Welcome to my 13th post for this #Blogtober – I’m not doing too bad so far aye! Today’s post is surrounding ’emotionally unstable personality disorder’ – one of the very first diagnoses I received under CAMHS but only found out about it during university.
‘Emotionally unstable personality disorder’ is the newer term for ‘borderline personality disorder’ as these days doctors tend not to refer to a patient being borderline narcissistic and psychotic.
KEY SYMPTOMS OF EUPD:
1. FEAR OF ABANDONMENT:
Those with EUPD possess a fear of being abandoned or left alone. As a result, they may resort to extreme efforts to prevent this from happening. Unfortunately, this insecurity of losing someone you care about often means they begin to distance themselves and drive them away regardless. They are sensitive to rejection, criticism and abandonment. They often need reassurance.
This fear of abandonment can be quite isolating, some days it’s all an individual can think about and consumes their world.
2. INTENSE ANGER / DIFFICULTY CONTROLLING ANGER:
This anger can be directed at themselves – why can’t we manage like everyone else? This anger can be directed at the world – why does it cause so much pain? It can be directed at others – why are we not good enough for them? The anger can be intense, it’s immediate. 0 to 100 real quick. It often comes with immediate remorse for it too.
Those with EUPD can be impulsive, with self-sabotaging behaviours and actions. These can include gambling, excessive spending, binge eating, substance misuse. This impulsivity can be a result of having no fear for the consequences. It could be that they feel distant from everything and everyone around them. It could be a result of the drastic changes in their emotions. It could be a result of a trigger sending their emotions off the scale. They might feel out of control and are trying to take it back.
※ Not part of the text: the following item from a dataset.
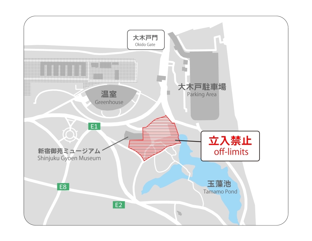 ◆ Affected Areas : Areas marked in red on the map below (Around Tamamo Pond)
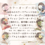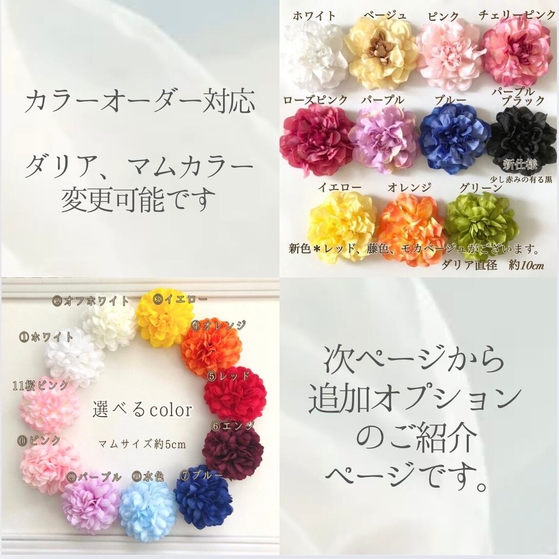 メインのダリアとマムはお好みの色に変更可能。お着物の柄や雰囲気にぴったりの「自分色」にカスタマイズいただけます。

This can include behaviours such as:
- excessive gambling
- excessive spending
- binge eating
- substance misuse
- taking risks
- reckless driving
- drink driving
- casual sex
- unprotected sex
- excessive drinking
4. UNSTABLE / INTENSE RELATIONSHIPS:
Those with EUPD can have issues creating and maintaining healthy relationships: with partners, family, co-workers, friends etc. They can switch between idealisation and devaluation of others and themselves. Such intense feelings can often push people away, ironically even though they fear being left. Therefore relationships with an individual with EUPD can change between intense, almost obsession to chaotic and unstable.
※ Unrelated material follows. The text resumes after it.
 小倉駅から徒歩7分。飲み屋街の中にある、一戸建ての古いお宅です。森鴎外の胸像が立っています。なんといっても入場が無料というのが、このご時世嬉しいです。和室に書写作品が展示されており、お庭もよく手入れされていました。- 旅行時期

5. PERSISTENT UNSTABLE SELF-IMAGE/ SENSE OF SELF:
Those with EUPD can struggle with knowing who they are. I know I do. There are blank spaces where they should know how they feel about themselves or the world. It can often be heavily influenced by those they are around. They may have no strong sense of who they are or why they are here.
6. SUICIDAL IDEATION AND SELF-HARMING:
Those with EUPD may have self-destructive behaviour as a reaction to their own actions and behaviours. They may have self-destructive behaviours as a means to punish themselves. They may have self-destructive behaviours over minor inconveniences. They may have self-destructive tendencies to deal with their internal or external pain. It could be a way to regain control in a time of their life where it feels like they have none. When someone receives some criticism or rejection, it can make them feel low like a 3 out of 10. For those experiencing EUPD, it can make them feel like -300 out of 10.
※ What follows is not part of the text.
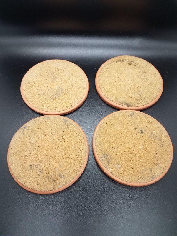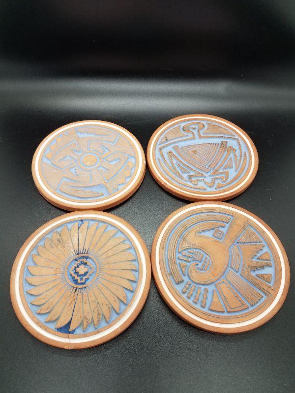 Mexico? design coasters, cork bottoms. One has crack down center with evidence of glue.
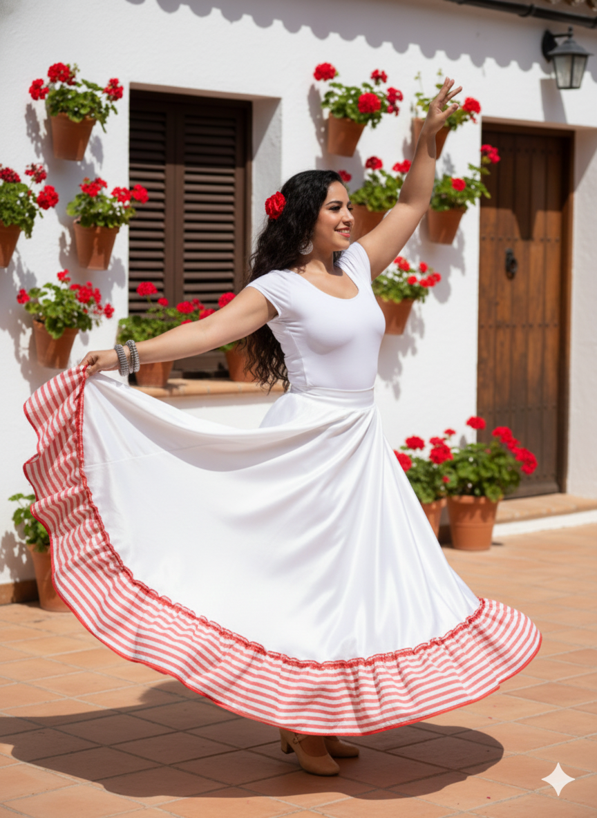 Linda Saia Cigana confeccionada em Acetinado com babado em Acetinado, com detalhes em sianinhas com um fino acabamento trazendo uma elegância especial para sua peça, com aproximadamente 14 metros de roda

7. INTENSE EMOTIONS THAT CAN CHANGE VERY QUICKLY:
I think the name is pretty self-explanatory for this disorder. It can conjure up strong emotions that you struggle to cope with. These intense emotions can last from a few hours to a few days and can change very quickly. The important part of this is that the mood changes are rapid, intense and sometimes extreme.
Those with EUPD can have issues handling stress and unexpected events and change. As a result, all of the symptoms listed are heightened under stressful environments.
8. CHRONIC FEELINGS OF EMPTINESS:
Those with EUPD can experience intense emotions as I have previously mentioned, but they can also feel chronically empty – ironic right? The feelings of emptiness can be long-lasting and can increase the fear of abandonment.
9. STRESS-RELATED PARANOIA OR DISSOCIATION:
Those with EUPD can have issues knowing who they are, they can feel empty and their moods can change all out of their control. They often do not know what they feel. This can often mean that they feel cut off from reality, as well as themselves. It is a subconscious way to detach yourself from it all. They can also experience paranoid thoughts when they are stressed, this can make them feel suspicious of those around them. If they dissociate, they can feel spaced out.
Overall, an individual would need to meet 5 of these criteria to be diagnosed with emotionally unstable personality disorder.
This disorder definitely consumes more of my life than I care to admit. But with more awareness, we can understand and support each other in recovery.